Kyla Scanlon, a young former industry insider who now creates TikTok videos explaining finance to younger generations, is among those both fascinated and alarmed by the “memefication” of markets. She observes the sense of community it engenders but also how it displaces reality from valuations. “We have this short-form content to help us process larger narratives,” she says. “And I think that is going to keep showing up in the stock market.”

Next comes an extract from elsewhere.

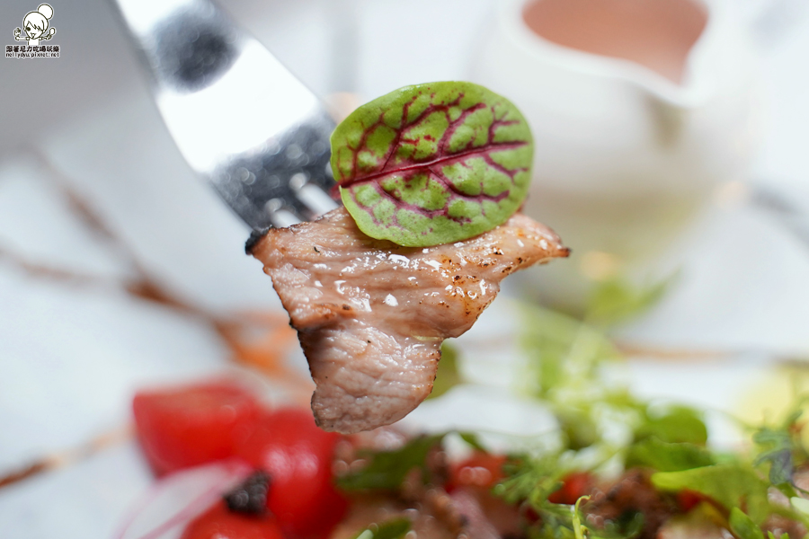 平埔黑豬梅花、菌菇、白起司、紅酒漬梅醋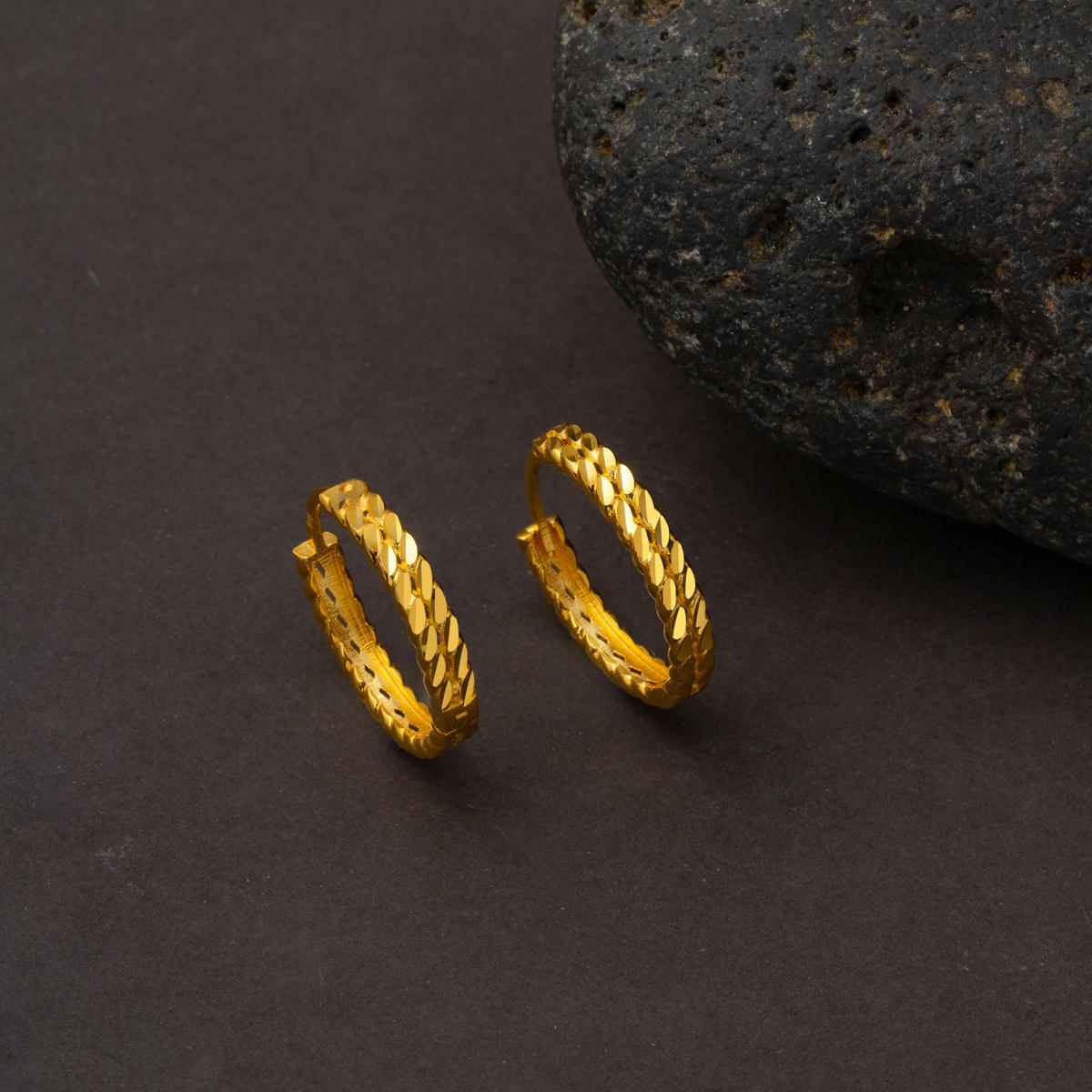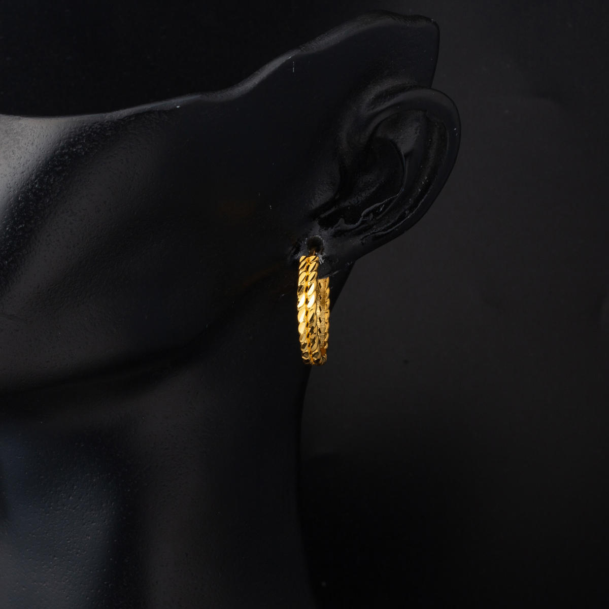 Burmalı 22 Ayar Altın Halka Küpe Büyük Boy

'How do you decide what stocks to actively invest in?'

Another pseudonymous finance memer known as Dr Parik Patel — who has garnered over 300,000 followers on Twitter in less than a year — sees them mostly as fleeting entertainment at a tough time for many people. That said, he has noticed how they have spread far beyond the confines of his world. “I have friends working in completely unrelated fields to finance who had no interest in the industry pre-pandemic now trading their own portfolios and following the hottest finance meme pages,” he says.

How durable is this phenomenon? It seems unequivocally linked to how maniacal markets have been in the post-Covid era. Scanlon and Patel reckon that it will therefore likely fade once the ebullience eventually evaporates. 

Litquidity, however, worries that the growing appreciation for how social media can be harnessed to make money means that market memefication might prove more resilient than many expect. “I don’t think it’s a good thing, but I don’t think it’s going anywhere unless some sort of regulations are put in place,” he says.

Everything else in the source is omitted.